The first multiprocessor has $q$ processors and allocates
parallel programs dynamically. For a parallel program $P$, we denote
the execution time for $P$ with optimal dynamic allocation
by $T_d(P,q)$, i.e. with a dynamic allocation such that there is no
other dynamic allocation for which the execution time of $P$ is shorter.
The second multiprocessor performs cluster allocation
with $k$ clusters and $u$ processors in each cluster.
Let $T_c(P,k,u)$ denote the execution time for the parallel program $P$
with optimal cluster allocation.
Overhead for synchronization and reallocation is neglected
throughout the report. In section 4 the allocation problem is defined in detail.

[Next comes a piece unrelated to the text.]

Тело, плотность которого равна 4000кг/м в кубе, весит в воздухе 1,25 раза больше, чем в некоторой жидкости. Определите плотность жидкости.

The allocation problem will be formulated as a mathematical optimization
problem about so called
$0,1$-matrices, i.e. matrices where all entries are $0$ or $1$.

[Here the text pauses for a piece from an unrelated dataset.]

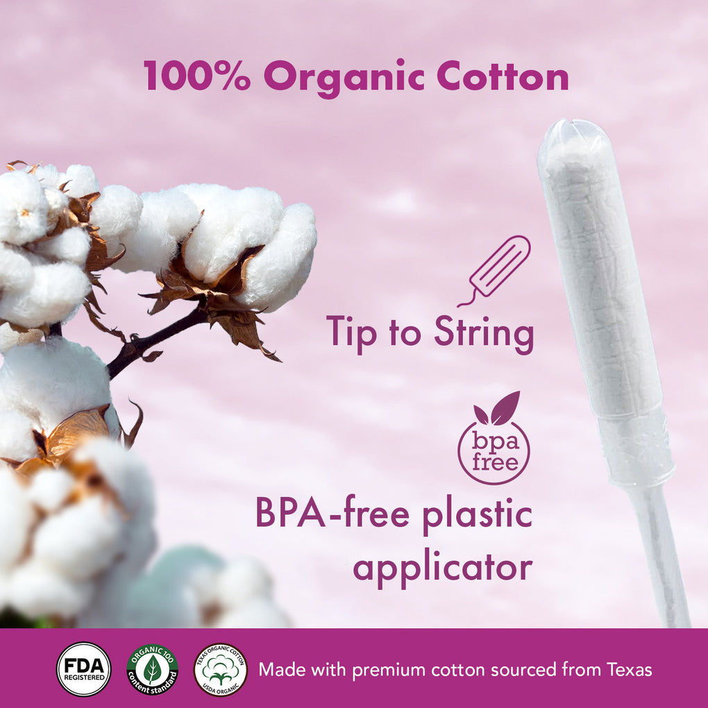 Making your heavy days feel light and your light days feel even lighter, our tampons are scientifically formulated with certified organic cotton and housed in a slim BPA-free applicator for peak performance and comfort.

The extremal matrices, corresponding to extremal parallel programs,
are characterized. This makes it possible
to establish a formula for the performance function $g$:
$$g(n,k,u,q)=\max_{\mbox{{\footnotesize all $n$-programs $P$}}}\: \frac{T_c(P,k,u)}{T_d(P,q)}.$$
Here $n$-programs denotes parallel programs with $n$ processes.
The formula is presented in section 6.
The degree of parallelism for a program $P$ can be characterized
by a vector $v=(v_1,...,v_n)$. Here $v_i$ is the percentage of the
total execution time where exactly $i$ processes execute simultaneously
if each process is allocated to a separate processor.
From the function $g$ we derive a formula for the performance function
$$s(n,v,k,u)=\max_P \:\frac{T_c(P,k,u)}{T_d(P,n)},$$
where the maximum is taken over all parallel programs $P$ of $n$ processes
which has the parallel profile vector $v$.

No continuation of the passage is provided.